> **DIRECTIONS FOR THIS TASK**
Using the listing below, print exactly everything from the line with "这套一体化预制泵站是广西柳城" down to the line with "金-元十三-十四世纪磁州窑黑釉卷草花卉纹罐", both included, and nothing more.
(THE RECORDS begins)
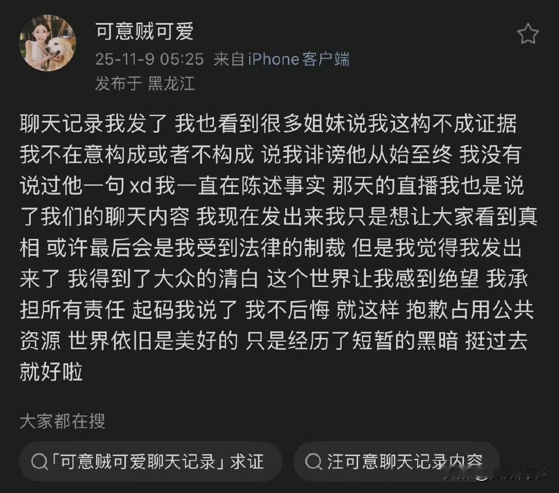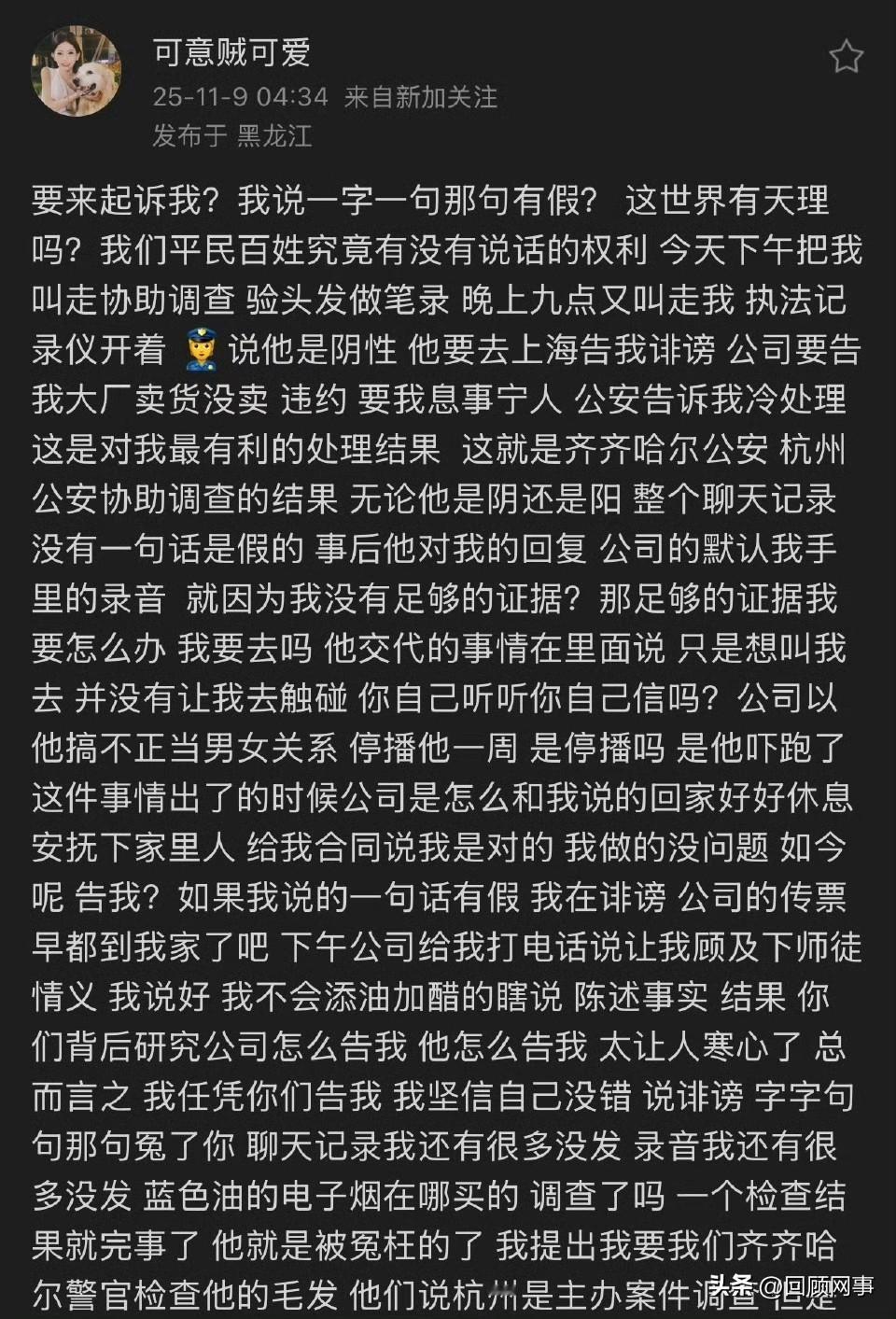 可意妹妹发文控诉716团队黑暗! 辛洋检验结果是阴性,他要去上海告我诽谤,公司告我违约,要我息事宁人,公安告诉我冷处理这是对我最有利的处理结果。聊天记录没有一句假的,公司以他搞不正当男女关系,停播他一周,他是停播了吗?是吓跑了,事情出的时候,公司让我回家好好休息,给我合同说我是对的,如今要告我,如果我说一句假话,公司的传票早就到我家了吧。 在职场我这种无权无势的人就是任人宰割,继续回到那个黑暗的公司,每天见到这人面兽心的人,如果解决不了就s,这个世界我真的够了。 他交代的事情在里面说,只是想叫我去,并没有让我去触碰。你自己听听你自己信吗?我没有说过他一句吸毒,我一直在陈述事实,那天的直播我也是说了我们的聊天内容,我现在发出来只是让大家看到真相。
(THE RECORDS ends)
(THE RECORDS begins)
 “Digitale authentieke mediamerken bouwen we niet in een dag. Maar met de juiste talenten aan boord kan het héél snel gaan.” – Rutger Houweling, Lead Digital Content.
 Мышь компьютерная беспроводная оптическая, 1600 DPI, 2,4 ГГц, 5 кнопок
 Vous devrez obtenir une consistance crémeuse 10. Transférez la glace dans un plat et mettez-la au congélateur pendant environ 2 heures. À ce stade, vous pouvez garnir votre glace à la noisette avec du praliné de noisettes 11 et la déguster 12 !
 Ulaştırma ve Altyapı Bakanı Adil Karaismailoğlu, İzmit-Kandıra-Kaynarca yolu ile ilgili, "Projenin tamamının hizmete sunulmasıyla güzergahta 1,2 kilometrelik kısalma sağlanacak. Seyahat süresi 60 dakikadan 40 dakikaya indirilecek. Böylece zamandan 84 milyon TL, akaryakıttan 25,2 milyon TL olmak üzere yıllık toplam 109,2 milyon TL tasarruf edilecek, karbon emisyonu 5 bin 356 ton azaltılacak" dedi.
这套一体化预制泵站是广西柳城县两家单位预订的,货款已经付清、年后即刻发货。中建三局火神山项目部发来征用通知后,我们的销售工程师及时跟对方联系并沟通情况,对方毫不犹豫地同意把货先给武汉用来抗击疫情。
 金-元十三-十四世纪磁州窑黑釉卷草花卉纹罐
(THE RECORDS ends)
> **RESULT FOR THIS EXERCISE**
这套一体化预制泵站是广西柳城县两家单位预订的,货款已经付清、年后即刻发货。中建三局火神山项目部发来征用通知后,我们的销售工程师及时跟对方联系并沟通情况,对方毫不犹豫地同意把货先给武汉用来抗击疫情。
 金-元十三-十四世纪磁州窑黑釉卷草花卉纹罐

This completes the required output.